The Istanbul Naval Museum (Turkish: İstanbul Deniz Müzesi) is a national naval museum, located in the Beşiktaş district of Istanbul, Turkey. It was established in 1897 by the Ottoman Minister of the Navy (Bahriye Nazırı) Bozcaadalı Hasan Hüsnü Pasha.

The museum contains an important collection of military artifacts pertaining to the Ottoman Navy. In the maritime field, it is Turkey's largest museum, with a great variety of collections. Around 20,000 pieces are present in its collection, including the late 16th or early 17th century Ottoman galley known as Tarihi Kadırga, built in the period between the reigns of Sultan Murad III (1574–1595) and Sultan Mehmed IV (1648–1687), as evidenced by AMS radiocarbon dating and dendrochronological research. She is the only surviving original galley in the world, and has the world's oldest continuously maintained wooden hull.

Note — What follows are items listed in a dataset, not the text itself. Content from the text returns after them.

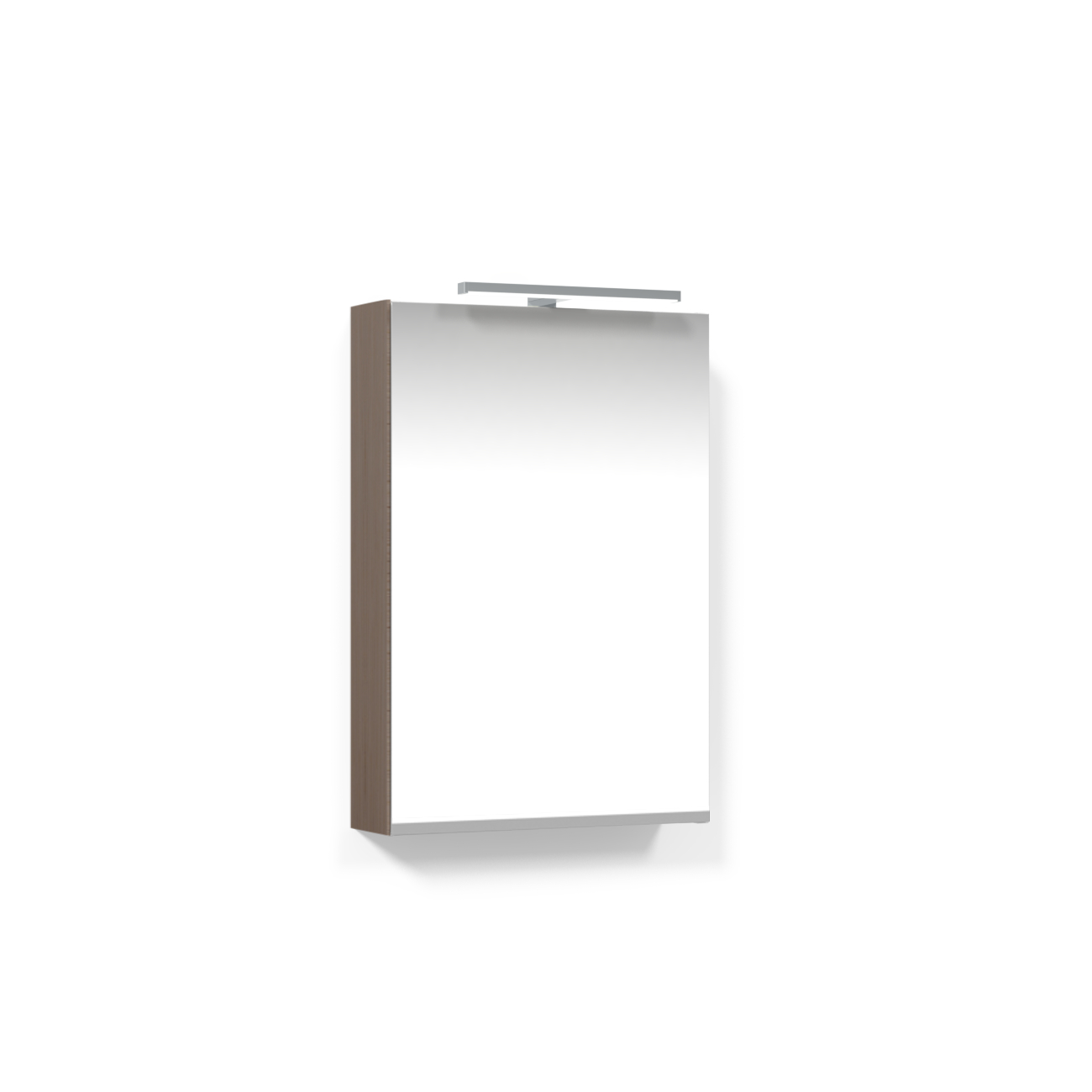 Speilskap Macro Design Crown med T-belysning er et stilrent speilskap med belysning og stikkontakt. Alle speilskap har en delt hylleavdeling for høye produkter og en diskret plassert stikkontakt.
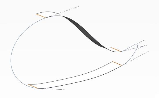 7.交線をサポートとして中間部に曲線を作成する(クリックで拡大)
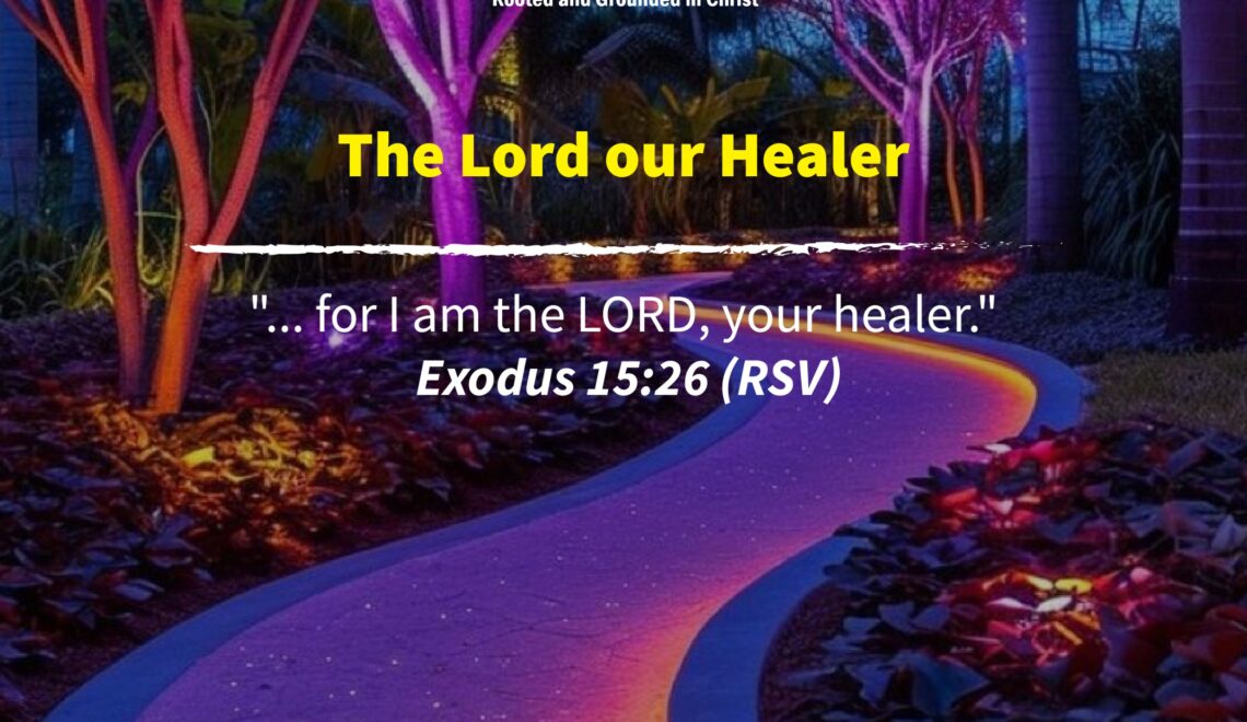 “… for I am the LORD, your healer.” Exodus 15:26 (RSV) Healing and health are God’s will for us. One of God’s Names revealing His character is Jehovah Rapha meaning
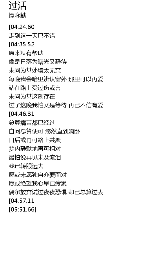 | [05:29.97][04:46.31][04:02.93][02:57.46][01:27.40] | jiu shi na yang jie guo zong suan tong ku dou yi jing guo |
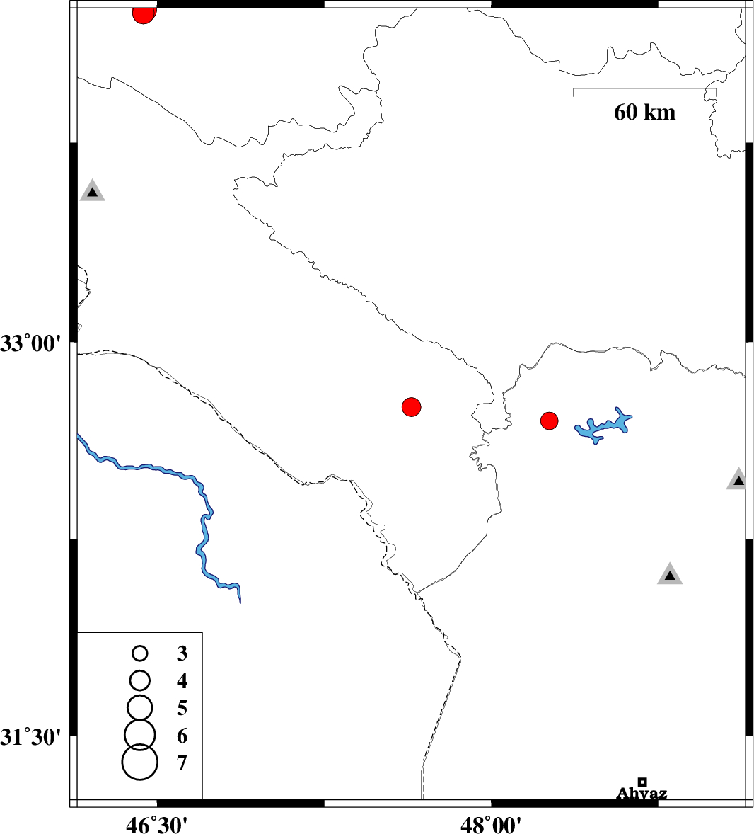 | 2023/06/06 | 13:24:36.5 | 16:54:36.5 | 32.753 | 47.641 | 12 | ML3.8 | Ilam Province, 25 km South-East of Abdanan | ||
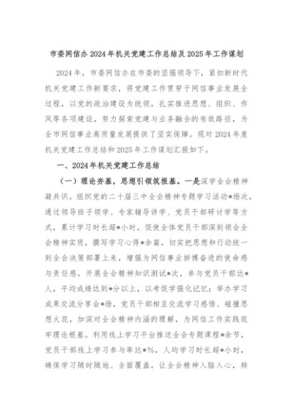 / 市委网信办2024年机关党建工作总结及2025年工作谋划
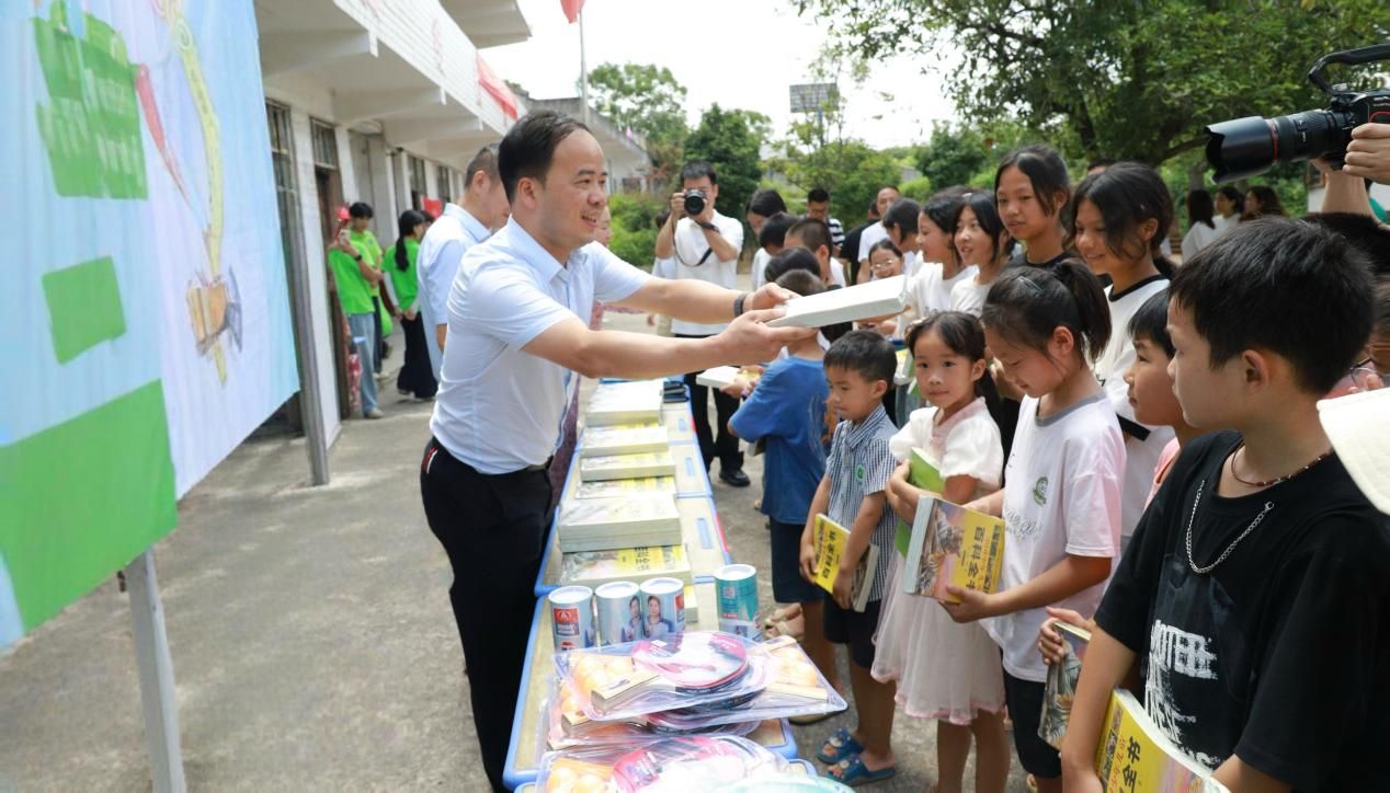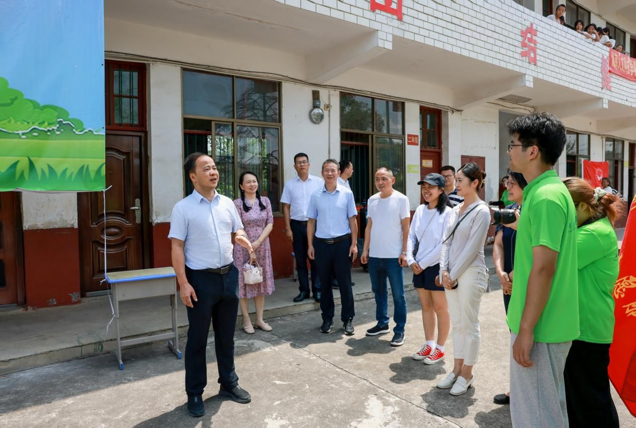 调研期间,盛明科一行还前往新大桥村小学,慰问了学校在此开展暑期社会实践活动的“彩虹计划”志愿服务队成员,并向支教学校和孩子们捐赠了体育器材和书籍等学习用品。
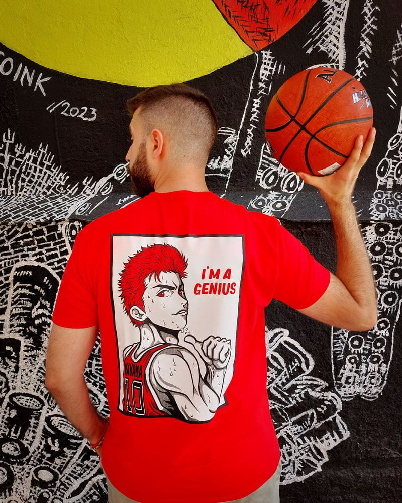 Red Genius T-Shirt von der Anime-Marke Nakama Clothing. Ich bin der König der Spokons, ich werde das Spiel gewinnen, damit das Mädchen, das ich mag, mich bemerkt.
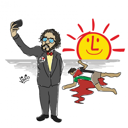 Uma charge feita pelo cartunista brasileiro Vini Oliveira foi compartilhada por usuários de esquerda nas redes sociais e sintetiza o descontentamento de muitos. Nessa imagem, Wyllys, com a Estrela de David estampada em seus óculos, posa para uma selfie em frente a um jovem palestino estirado no chão em cima de uma poça de sangue. Em segundo plano, o sol sorridente, símbolo de seu partido PSOL, brilha à distância (The Intercept obteve permissão para divulgar a imagem).
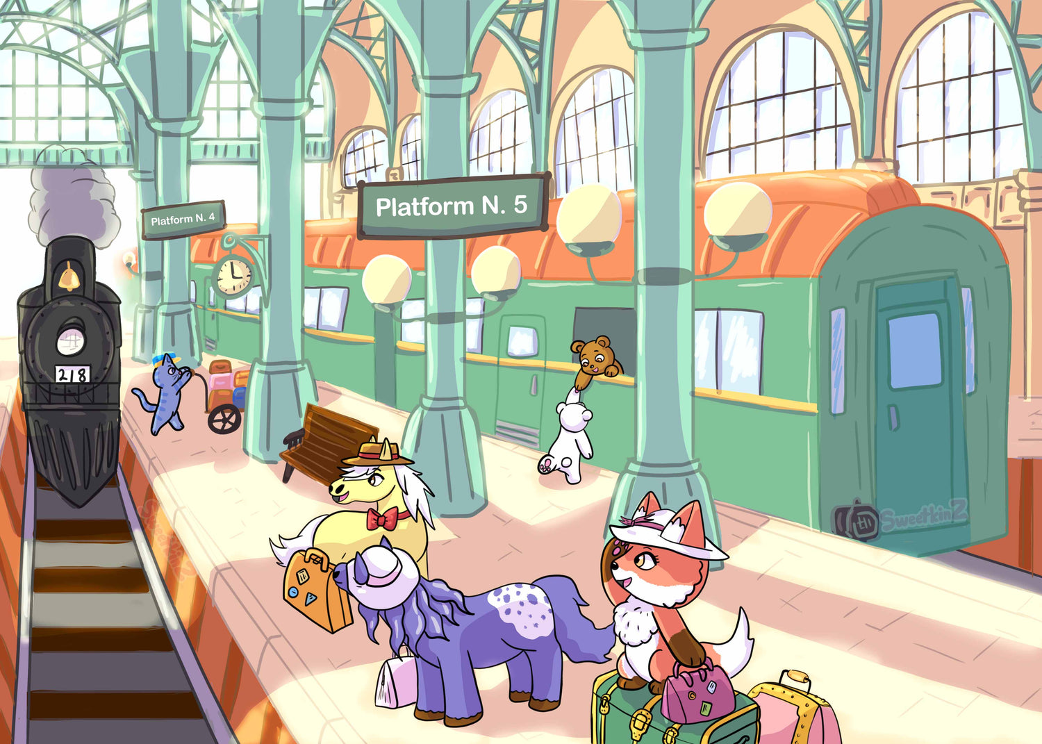 Zeddy the Palomino pony and his companions, Lavender the purple Appaloosa and Mable the Red Fox, began their first day of vacation at the train station in town. They are in preparation to set out and explore new places together and make tons of great memories!
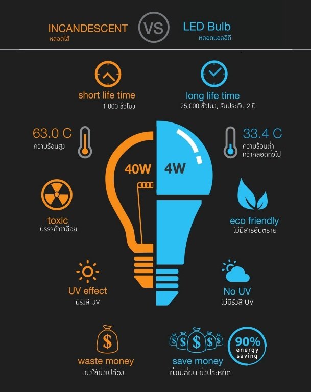 การคำนวณค่าไฟฟ้าเมื่อเปลี่ยนมาใช้หลอดไฟ LED
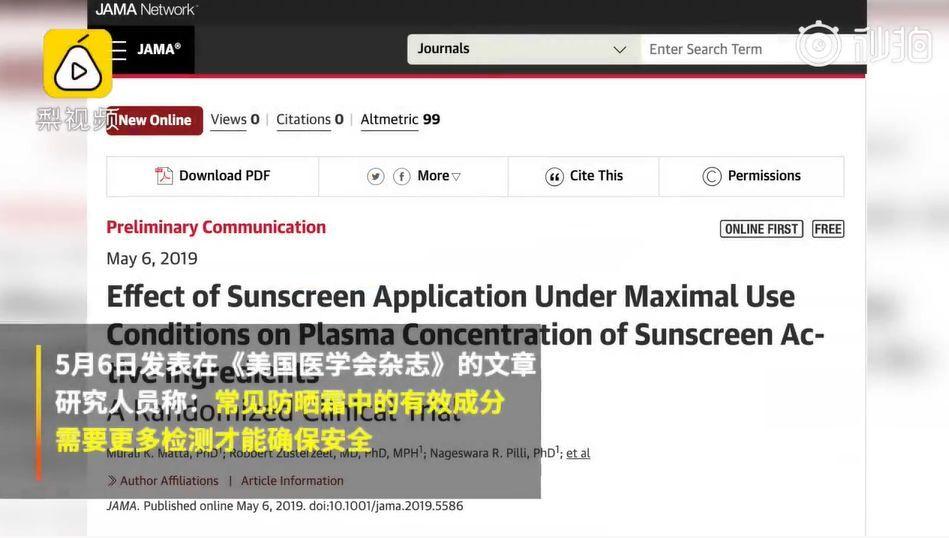 《美國醫(yī)學會雜志》5月6日發(fā)表文章稱:常見防曬霜的有成分需要進一步檢測,還不能。
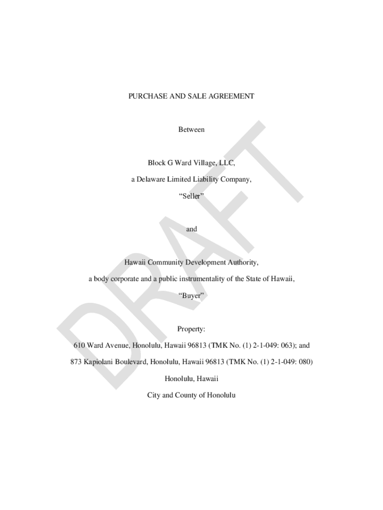 This document outlines the Purchase and Sale Agreement between Block G Ward Village, LLC (Seller) and Hawaii Community Development Authority (Buyer) for the sale of properties located at 610 Ward Avenue and 873 Kapiolani Boulevard in Honolulu, Hawaii. It details the terms and conditions of the sale, including the purchase price, due diligence process, and various obligations of both parties.
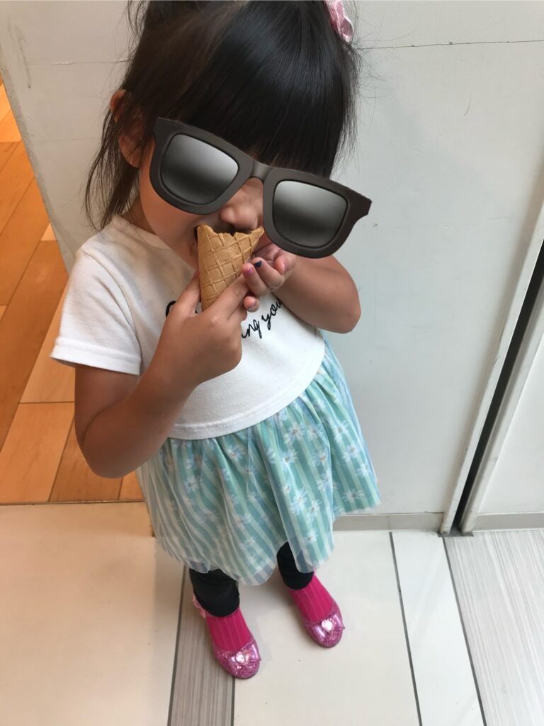 もう一方のお子はこれまた一丁前にアイスクリームを捕食してました笑

Being connected to the Turkish Naval Forces Command, it is also the country's first military museum.

In the early 21st century a new exhibition building was constructed. The construction began in 2008, and the building was reopened on October 4, 2013. It has two floors above ground level and one basement floor, all covering 20000 m2.

The basement consists of diverse items like figureheads, ornaments of naval ships, ship models, and pieces of the Byzantine chain that was used for blocking the entrance of the Golden Horn during the Ottoman conquest of Constantinople (Istanbul) in 1453. In the first and second floors, a large number of imperial and other caïques are exhibited.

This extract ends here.